Тем не менее он был способен отказаться от измышлений, если кто-то помог ему обнаружить правду. Еврея, писал он, «обвиняют в непатриотизме, в нежелании нести воинскую службу». «Вы питаетесь этой страной, но не хотите за нее сражаться», — и предлагает делом опровергнуть это обвинение. Однако к статье приложен удивительный постскриптум «Еврей как солдат», где на примерах американской революции, войны (за независимость) 1812 года, войны с Мексикой и особенно Гражданской войны рассказывается о «верности» и «воинской доблести» евреев. Замечательно тут не само опровержение вымыслов, а принцип, извлеченный из него: «Недопустимо подкреплять предположения ходячими сентенциями». Именно этим, несмотря на противоположную задачу, характеризуется в целом статья «Касательно евреев» — ходячими сентенциями, подкрепляющими предположения. Достаточно сравнить ее с «Современными погромщиками», очерком из книги Джордж Элиот «Впечатления Теофраста Такого-то», опубликованной за двадцать лет до ходячих сентенций Марка Твена, и станет ясно, насколько содержательнее может быть очерк о евреях, посвященный тем же вопросам, на которые отвечал Марк Твен.
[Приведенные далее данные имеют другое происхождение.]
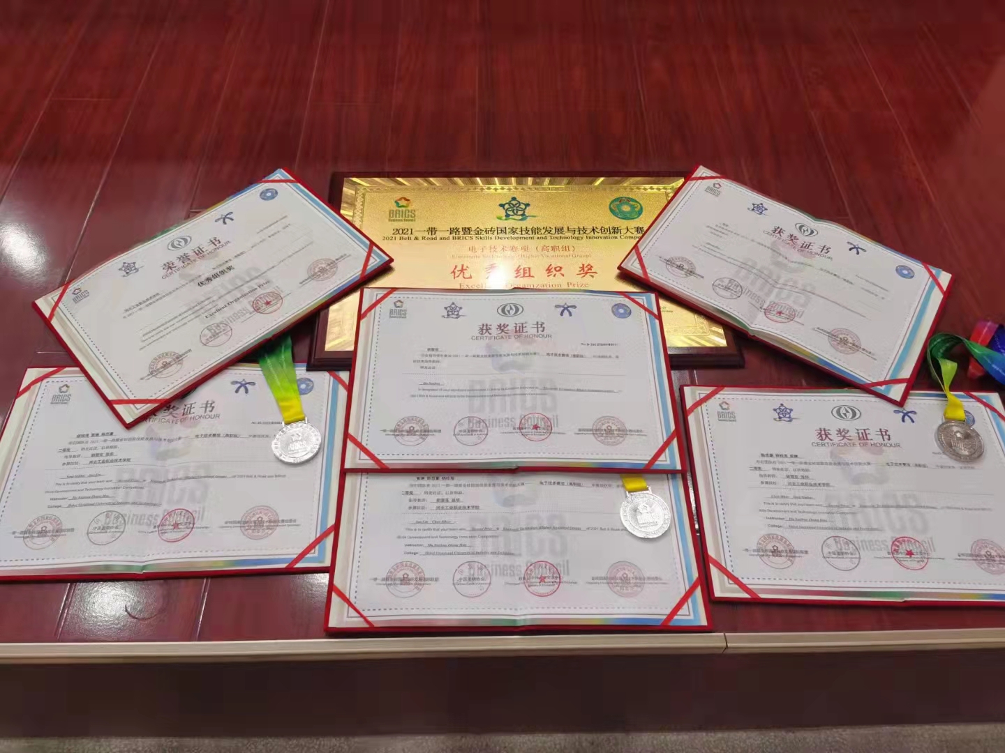 10月11日至10月13日,在由金砖国家工商理事会中方理事会和一带一路暨金砖国家技能发展国际联盟主办、中国发明协会和教育部中外人文交流中心联合主办的“2021一带一路暨金砖国家技能发展与技术创新大赛-电子技术大赛”国内决赛在枝江市职业教育中心成功举办。本次大赛的参赛队伍来自全国各地的29支高职院校参赛队和14支中职院校参赛队,共115名选手参加。经过激烈角逐,我校智能制造学院索琳、陈思豪和杨贵海三位同学荣获该赛项团体二等奖,我校荣获“电子技术”大赛“优秀组织奖”,胡雪花、张华两位老师被评选为“优秀指导教师”。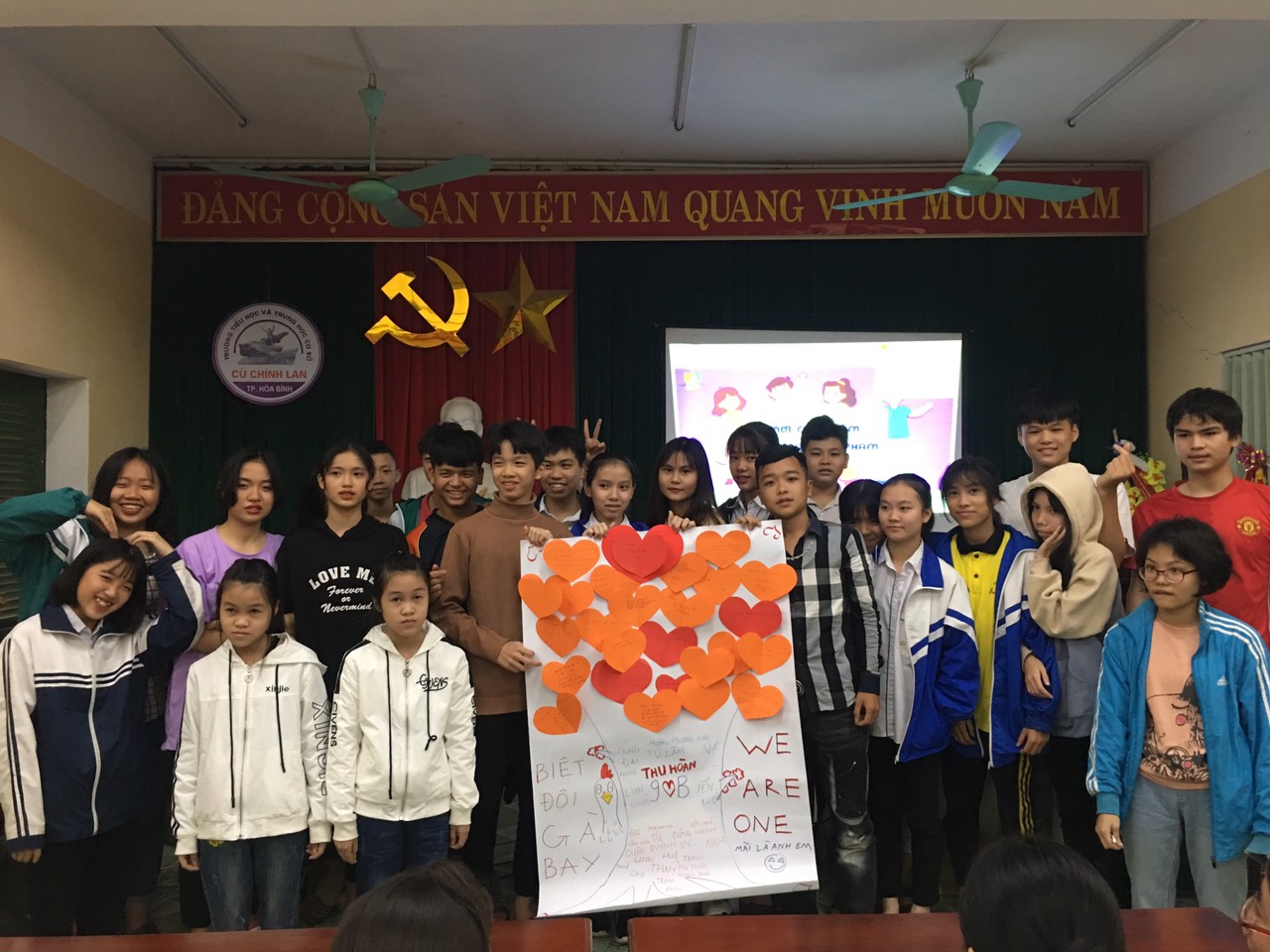 Tập thể học sinh lớp 9B - Cùng thông điệp "We are one"

Двадцатимесячное пребывание Марка Твена в Вене было одним из самых плодотворных периодов в его писательской биографии. Пятнадцать коротких произведений, включенных в книгу 1900 года «Человек, который совратил Гедлиберг и другие рассказы и очерки», — лишь часть написанного в этот период, но они демонстрируют весь арсенал его искусства: лихую полемику, презрительную иронию, умный смех, разящее остроумие, грубоватый деревенский юмор, яростное отчаяние, скрытую издевку, удовольствие от болтовни и небылиц, жадный интерес к земному, блестящие языковые вылазки — иногда с разведывательно-разрушительной целью, иногда, чтобы показать свое изумление или восторг перед великолепием людских странностей; чаще всего ради ненадежной силы рассказа. Ничего чрезмерно тривиального, ничего чересчур глубокомысленного. И часто тривиальное с глубокомысленным перемешаны, как в Гедлиберге, где воспроизведение дюжины заученных слов обнажает залежи обмана. Или даже в шутливой заметке «Мои мальчишеские мечты», где он дразнит таких знаменитостей, как Уильям Дин Хоуэлс[38] и Джон Хэй (Государственный секретарь в 1898 году), тем, что они не осуществили свои детские мечты: первый — стать аукционистом, второй — помощником капитана на пароходе, притом что обе мечты — смешная выдумка Твена. Но и этот игривый набросок начинается с горького упоминания об униженном Дрейфусе.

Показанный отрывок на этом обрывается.